Max Verstappen vuelve a criticar las nuevas normas de la Fórmula 1 y afirma que ya había pronosticado los problemas actuales en 2023
Max Verstappen ha reiterado sus críticas a las nuevas normas de la Fórmula 1. El campeón del mundo explica que los problemas actuales no le sorprenden. Aunque tras la primera carrera de la temporada en Australia muchos responsables se dieron cuenta de lo que él quería decir, para Verstappen esta evolución era previsible desde hacía tiempo.
El piloto de Red Bull subraya que ya había señalado los problemas desde el principio. «Esto estaba claro desde hace tiempo», afirma Verstappen. «Ya dije en 2023 que esto iba a pasar». Explica que muchos responsables conocían los riesgos. Sin embargo, algunos esperaban que las normas funcionaran mejor de lo esperado en la práctica.
Los pilotos no disfrutan de las carreras
Verstappen considera que un problema fundamental es el llamado «jojo-racing», que surge a raíz de la gestión de la energía.
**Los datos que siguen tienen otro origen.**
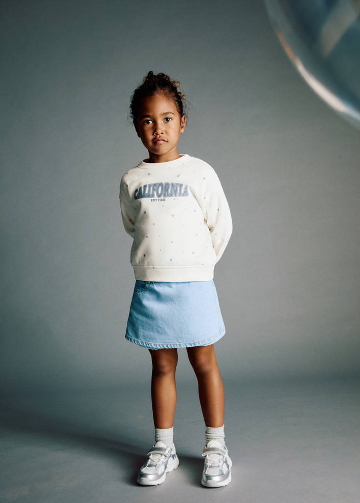 Cotton fabric. Straight design. Printed design. Round neck. Long sleeves. Ribbed collar, cuffs and hem. Heart print. Letter print

Sin embargo, la intensidad con la que se manifiesta este fenómeno depende también del circuito en cuestión.
A pesar de ello, el holandés cree que la situación actual no divierte a muchos pilotos. «Si se pregunta a los pilotos, no creo que haya nadie que realmente lo esté disfrutando en este momento», afirma.
Verstappen considera especialmente crítico que el sistema actual altere el estilo de conducción de los pilotos. Quien conduce de forma especialmente agresiva consume más batería y, por lo tanto, se ve en desventaja.
«Los pilotos más rápidos suelen pasar más tiempo acelerando», explica Verstappen. Sin embargo, eso es precisamente lo que les perjudica en estos momentos. «Cuanto antes vuelvas a pisar el acelerador y cuanto más tarde frenes, peor es para la batería».
Difícil introducir cambios durante la temporada
Según Verstappen, es difícil introducir cambios a corto plazo en el reglamento. Los ajustes más importantes no podrían aplicarse hasta la próxima temporada, como muy pronto. Para este año, se trata más bien de encontrar soluciones menores.
«Por ahora, simplemente tenemos que intentar volver a alcanzar velocidades máximas más o menos normales», afirma. Una posibilidad sería reducir la proporción de potencia eléctrica.
Técnicamente, un ajuste de este tipo sería relativamente fácil de implementar. «Aunque no se puede sacar más potencia del motor de combustión», explica Verstappen. «Pero, por supuesto, se puede reducir la potencia que proviene de la batería». De este modo, los pilotos podrían volver a conducir de forma más natural, sin tener que levantar el pie del acelerador constantemente.
Difícil llegar a un acuerdo en el paddock
Sin embargo, sigue existiendo el problema de la necesaria aceptación en el paddock. No todos los equipos y pilotos ven una necesidad urgente de actuar. «Algunos están satisfechos con las normas porque, de momento, van en cabeza», afirma Verstappen.
No obstante, cree que los cambios redundarían en beneficio del deporte. «Si se ha visto cómo bajaban los pilotos del coche tras la carrera de Australia, sinceramente, no he visto muchas caras felices.»